Specifically, the case relates to the interpretation of Article 3(d) of the SPC Regulation which states that the marketing authorisation serving as a basis for the SPC application must be "the first authorisation to place the product on the market as a medicinal product".

In the 2012 Neurim case, the CJEU determined that Article 3(d) does not preclude pharmaceutical companies from obtaining an SPC for a 'different application' of the same product for which a marketing authorisation had already been granted "provided that the application is within the limits of the protection conferred by the basic patent relied upon for the purposes of the application for the supplementary protection certificate".

The CJEU, however, did not provide guidance as to what should be considered a 'different application' and Fabre has previously explained how the Neurim judgment has been interpreted differently be patent offices and courts across EU member states, resulting in a fragmentation of rights for pharmaceutical companies within the trading bloc.

According to Pitruzzella, the interpretation in the Neurim judgment is not consistent with the objectives of the SPC Regulation, which were to provide a uniform, simple, transparent and balanced system within the internal market of the EU.

He also said that this was not consistent with the CJEU's strict interpretation of the concept of 'product', which is defined in Article 1(d) of the SPC Regulation as excluding any new medical uses of an active ingredient.

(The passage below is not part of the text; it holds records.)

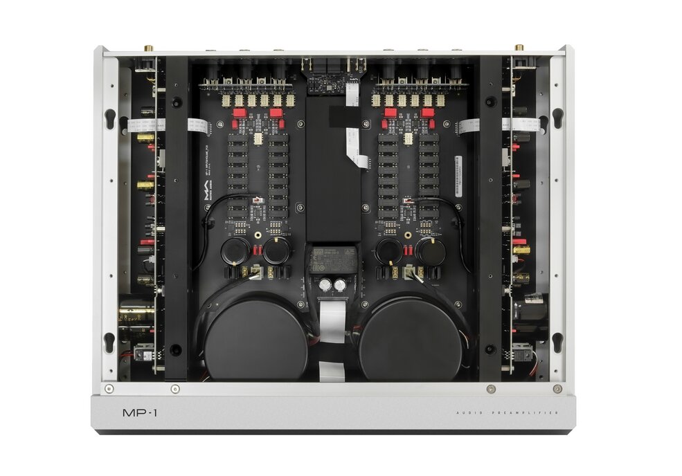 The MS-1 Pre features an integrated preamplifier that utilizes voltage-divider volume control via a resistor array. It employs four high-quality volume control units, each composed of 64 precision resistors with 0.001 accuracy and 32 fully sealed reed relays, rapidly switched by the MCU. This control method minimizes any impact on sound quality while ensuring excellent consistency between the two channels. The operation noise of the reed relays is virtually inaudible, even when adjusting the volume continuously.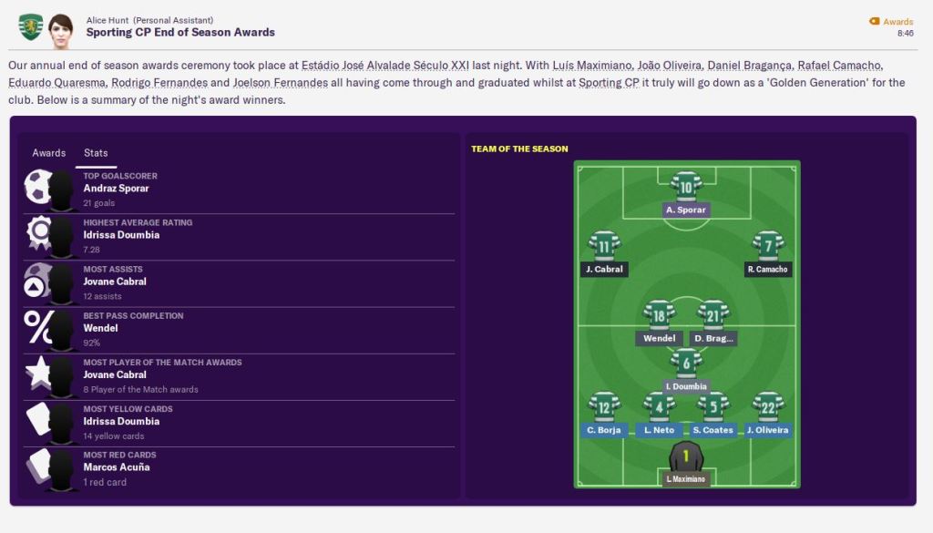 This led to Doumbia taking home the Fans’ Player of the Season award with 35% of the vote, followed by Coates (29%) and 22-year-old Braganca (27%), whose excellent form has already earned him a new contract. Doumbia, however, wants more than £50k a week, so a new contract could be a big ask. Eight of our players were also acclaimed to be part of a “Golden Generation” at Sporting.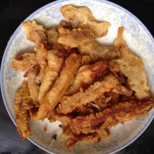 出锅了,因为油温不高所以炸出的里脊口感外酥里嫩。炸制过程中油温不能太高,否则外皮容易糊,影响色泽、口感。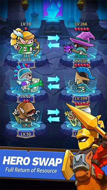 英雄的种类十分多样,涵盖了坦克、防御、近战输出、远程支援以及控制角色等不同类型,而且每个英雄都拥有独特的技能,让你能够打造出专属于自己的战斗军团,并制定出独一无二的战术策略。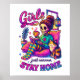Design vibrante e colorido com um esqueleto feminino sentado numa cadeira confortável com seu gato, lendo um livro e segurando uma xícara de café. O texto colorido diz: "Meninas só querem ficar em casa". Esse design está disponível em uma grande variedade de produtos.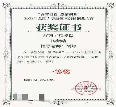 1、2022年全国大学生技术创新创业大赛江西省赛区文化教育赛道“一等奖”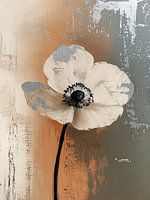 Soft Edges, Hard Center - Dit bloemen schilderij toont een prominente, gestileerde witte papaver met een opvallend zwart hart, geflankeerd door abstracte penseelstreken in tinten van beige, wit en donkergrijs.

Pitruzzella also looked into the issue of which types of research the SPC Regulation intended to encourage. While he acknowledged that the wording of the SPC Regulation is "anything but clear" in this respect, he considered that the intention of the legislator was nevertheless to limit the scope of protection offered by SPCs to new active ingredients only.

"Pitruzzella said that it may well be the case that the rationale for the SPC Regulation is decades old now and that today significant investment is ploughed into research for second medical uses. His view, though, was that whether such research should be incentivised is an issue for EU law makers to address, not the courts," Fabre said.

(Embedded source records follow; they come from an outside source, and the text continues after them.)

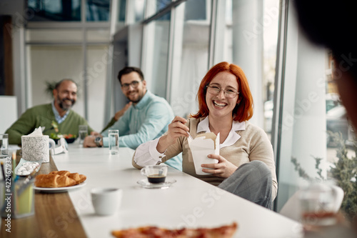 break, lunch, business, office, co-worker, businesswoman, businessman, caucasian, colleague, communicating, eating, entrepreneur, food, friends, group, happy, job, lunch break, manager, people, relaxation, take-away, take-out, talking, togetherness, white, woman, work, workplace, enjoying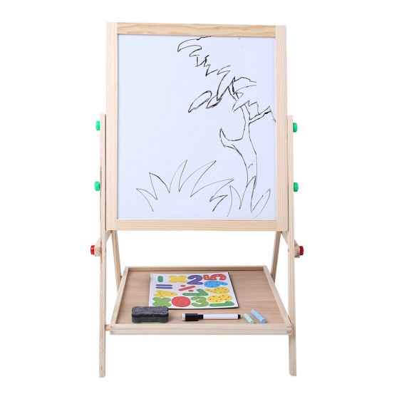 Kinder Staffelei aus Kiefernholz Höhenverstellbar, Kippsicher 2-in-1 Tafel Whiteboard mit Maltisch, Kreativ Zeichenbrett für Jungen Mädchen ab 3 Jahre (Zubehör inklusive)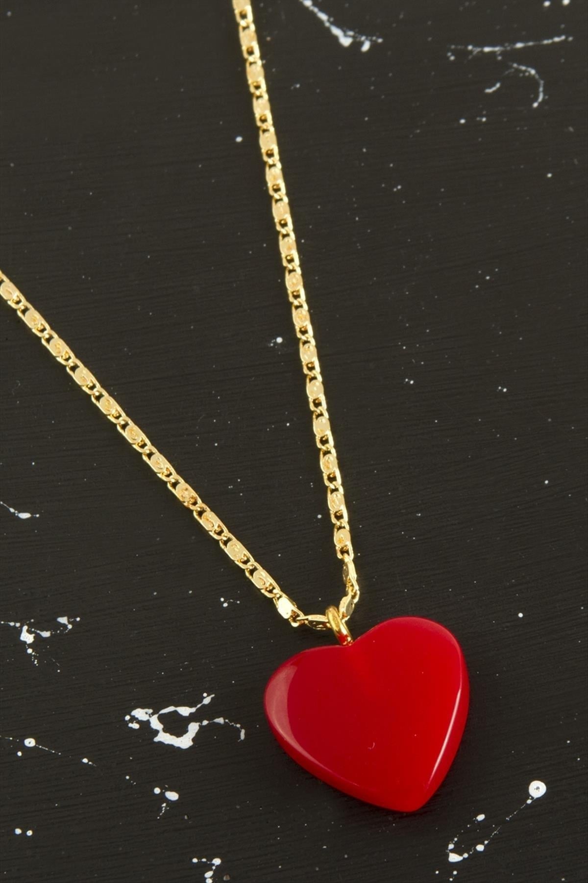 Kolye; Ürün zincir bölümü metal ve kalp bölümü plastiktir. Zincir uzunluğu 45 cm ve ucundaki kalp aparat boyu 2 cmdir.
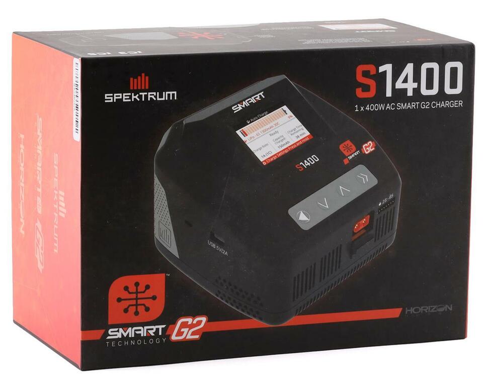 The 400W Spektrum™ S1400 Smart G2 AC Charger provides fast, easy charging for all modelers, especially using Smart batteries — with Auto Charge simplicity, one-connection balancing, IC3® or IC5® output ports for adapter-free convenience, and more.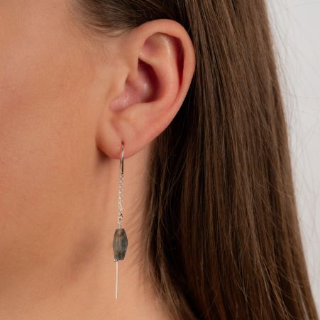 Doortrek oorbel gemaakt van 925 sterling zilver met daaraan de edelsteen Kyaniet. Kyaniet is een spirituele steen met een kalmerende en evenwichtige werking. Combineer deze oorbellen met onze andere sieraden met Kyaniet.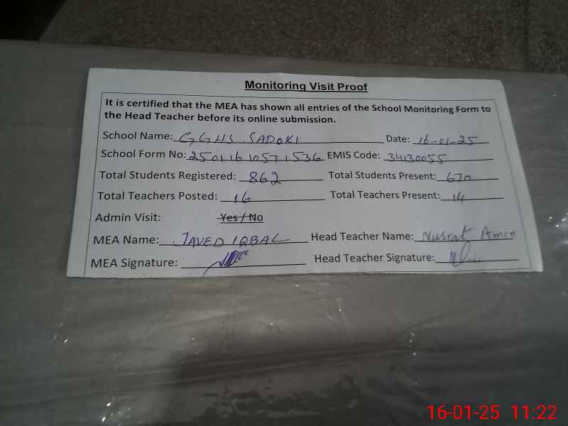 | Certified that this School was Inspected by the Undersigned MEA/DMO Today and the Information Stated Above is as Per Record. | |||||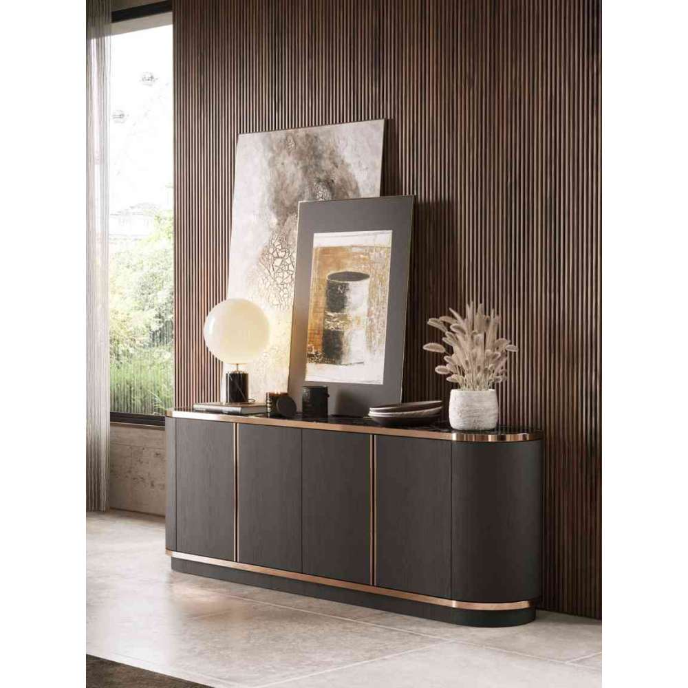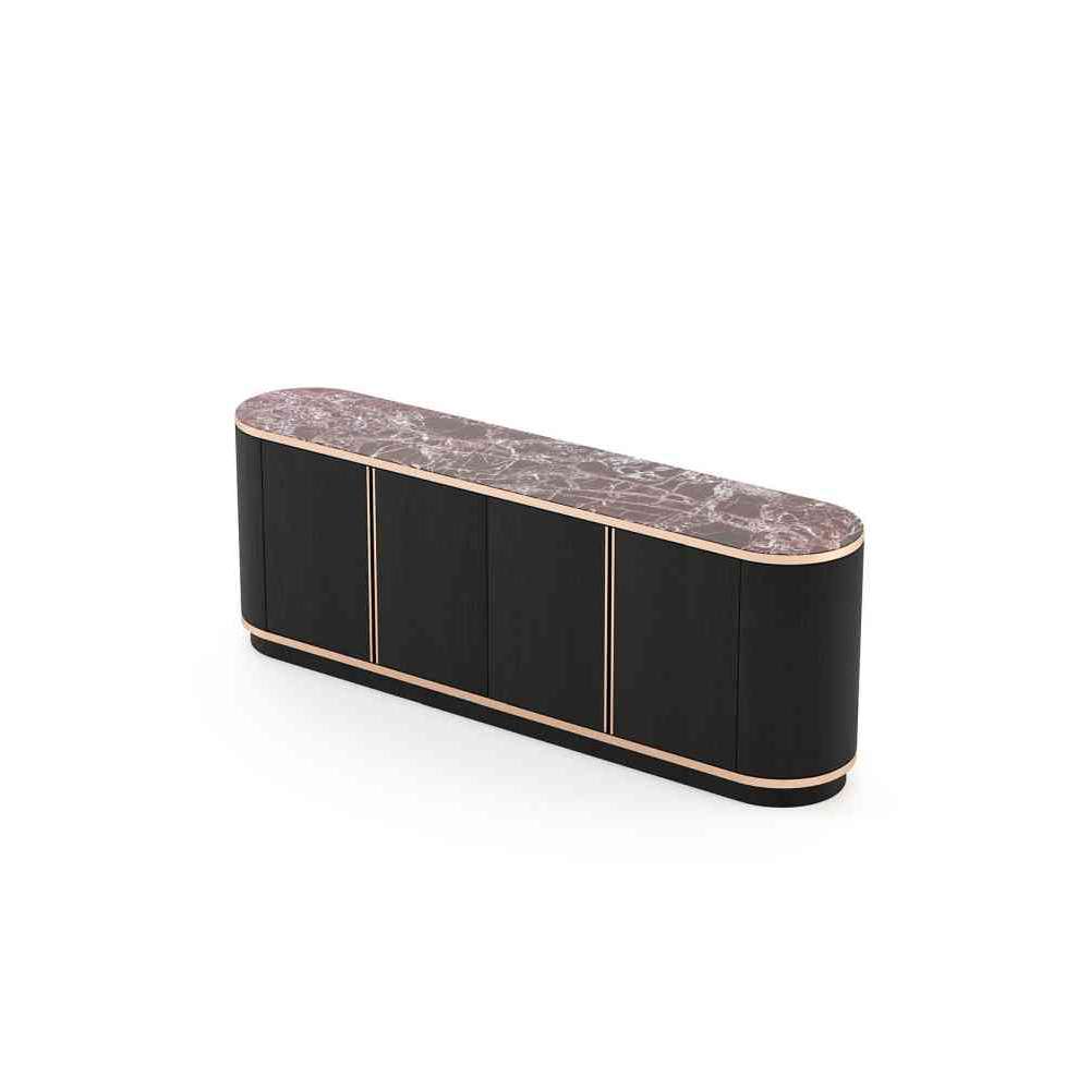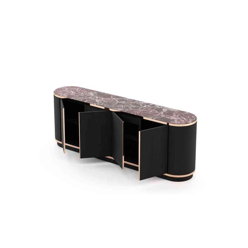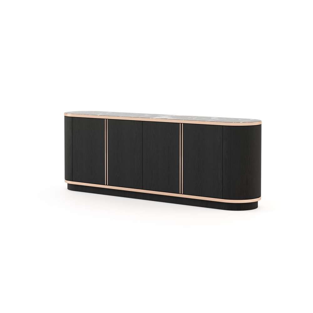 Brązowy kredens ma elegancki, ale wyrafinowany język, z drewnianą powierzchnią i przyciętymi metalowymi detalami. Zakrzywiony korpus i starannie ręcznie wykonany marmurowy blat tworzą nowoczesny element z połowy wieku dla każdej przestrzeni mieszkalnej lub hotelowej. Wyjątkowy element charakteru do wyjątkowych jadalni.

While Pitruzzella believes the CJEU should rule that second medical use products are not eligible for SPCs, he did outline an alternative conclusion the CJEU could draw should it decide against overruling the Neurim judgment and to instead clarify its scope.

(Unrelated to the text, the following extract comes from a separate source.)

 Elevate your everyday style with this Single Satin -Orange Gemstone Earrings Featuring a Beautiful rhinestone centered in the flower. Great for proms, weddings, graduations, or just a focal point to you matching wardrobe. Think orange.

If the CJEU favours that alternative outcome, Pitruzzella said it should rule to limit the scope for SPCs to be granted for second use medical products. The limitation should extend only to cases where the new use of an active ingredient is for treating a new disease – or new therapeutic indication – or where an old active ingredient exerts a new pharmacological, immunological or metabolic action of its own.

Fabre said there is recent precedent to show that the CJEU may yet decide to favour Pitruzzella's alternative views, or indeed reach an entirely different view in its formal judgment altogether.

"In the Abraxis case that the CJEU ruled on last year, the court elected not to follow the opinion of the advocate general who had reached a similar view to Pitruzzella – that the Neurim test should be abandoned and that second medical use products are not eligible for SPCs in any circumstance," Fabre said. "Probably due to the narrow scope of the question posed to it in the Abraxis case, the CJEU formulated a narrow answer, ruling that new formulations of an old active ingredient are not eligible for SPC protection. It neglected to go further and explain whether the 'different application' test set in the Neurim case should still stand and, if so, what the term means in practice. This is not the case here as the Paris Court of Appeal has specifically asked the CJEU to clarify its Neurim judgment and thus there is a chance that the CJEU may use that opportunity to finally take a general position on the issue."

The underlying dispute before the Paris court involves pharmaceutical laboratory Santen. Santen is seeking to overturn a previous decision by France's National Institute for Industrial Property (INPI) to reject its application for an SPC for ciclosporin for use in treating keratitis - an inflammation of the eye's cornea. Ciclosporin was the active ingredient in another eye treatment for which marketing authorisation was granted in 1983.